Fairly compelling argument from Jackson Landers over at Rule.303:
In a nutshell, officially admitting that there are wild cougars in Virginia invites a political mess that none of these people really wants to deal with. Can you really blame them? So in response to sighting after sighting and article after article, DGIF and other agencies give the same old ‘swamp gas and weather balloons’ routine, as if we were talking about unicorns or velociraptors hiding out in the Blue Ridge Mountains.
Their potential ‘out’ when some hunter finally shoots one and forces the issue into everyone’s lap is the fact that, as I have explained here, odds are that these are not in fact eastern cougars at all but rather exotic pet trade hybrids. Hybrids which have no official status in wildlife regulations and are not considered endangered animals.

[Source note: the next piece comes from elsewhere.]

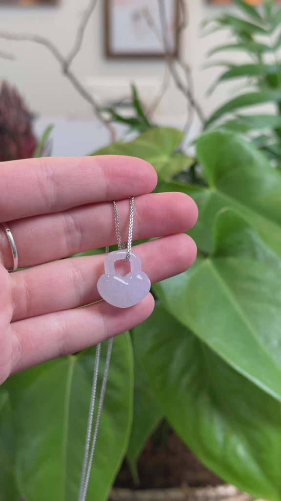 * Design Concept--- Introducing Baikalla's Lavender Jadeite Jade Lock Necklace Pendant. This necklace is shaped like a lock symbolizing security and commitment. The ice texture of jadeite jade is semi smooth with unique light lavender color. Perfect heart shape for you or your loved one.

At that point, DGIF will almost certainly attempt to calm everyone down by pointing out that these are the product of escaped pets. This is what other states have done in the same situation. That takes care of the legal protection issue, but as for the rest it changes nothing. In terms of either safety or a desire to restore the old ecology of Virginia with a large, top level carnivorous cat, who the heck cares what subspecies it is? The worst part is that people usually swallow this kind of crap. And certainly DGIF will say that we have no reason to think that the escaped animals are breeding, so they don’t really count, etc. But you’d have to be a complete idiot to think that there is any reason why these cats wouldn’t be doing what comes naturally and breeding in the wild.
Now I have never seen one of these bad boys running amok in my part of Fluvanna (might have heard one out towards Luray — sounds like an angry baby crying), but I have had the pleasure of running into black bear from time to time… even in Spotsylvania County there were black bear sightings in and around the battlefields.
Heck, anyone care to guess how long ago it was when people said that coyotes weren’t a problem… until folks started shooting them in and around Fort A.P. Hill? I wouldn’t put it outside of the realm of possibility that eastern bobcats are still running amok in Virginia.